Watchdog under pressure after insurance firm fiasco
THE CITY watchdog will come under renewed pressure from insurers today demanding urgent action from George Osborne to prevent a repeat of the regulator’s mis-step that led insurance shares to plunge on Friday.
The industry will write to the chancellor to raise “serious concerns” about the disclosure of information by the Financial Conduct Authority (FCA) regarding a review into so-called zombie life and pension policies.
The insurance industry, through its trade body the Association of British Insurers, will question the FCA’s decision to issue market sensitive information to the media on Friday.
The FCA was forced to issue a clarification to confirm it would be conducting supervisory work looking at how people in closed accounts are treated.
Shares recovered slightly but critics accuse the FCA of creating a false market in the period leading up to the clarification. Insiders say senior industry executives were “apoplectic” with anger over the issue.
The FCA is set to outline more information about the probe today alongside investigations into banks’ IT systems, consumer credit and lenders’ support for fraud victims. The watchdog’s annual business plan will set out its key priorities for the year.
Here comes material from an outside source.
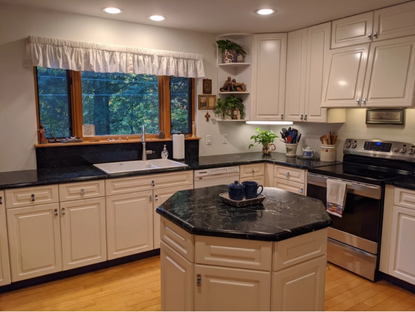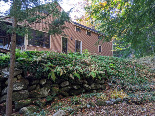 In the contemporary addition, the Mill Brook enhances southern views with soothing sounds when windows and doors are open. Choose radiant heating in zones to warm up, or use the 700 lb. soapstone wood stove, which is a center of gravity for family activities and entertainment of friends, as is the spacious marble-countered kitchen. The new master bathroom has a large shower and cherry dual sink vanity, which nicely complements the open, lofted, south-facing master bedroom. A walk-in closet keeps the master bedroom free of distractions from the beauty of the stream and woods visible outside.

The business plan is also expected to ask for an above-inflation three per cent rise in the watchdog’s budget to just under £450m, Sky News reported last night.
The IT investigation comes after a series of payments system failures at RBS and Lloyds. The FCA is also worried that some lenders are refusing to refund their customers who have fallen victim to fraudsters.
Its review seeks to make sure customers are treated fairly and do not face an unreasonable burden of evidence in proving they are not at fault.
And the regulator is also looking into log book loans – credit provided to borrowers, using their car as security.
The probe will be the FCA’s first into the consumer credit market, as it gains control over the sector in April.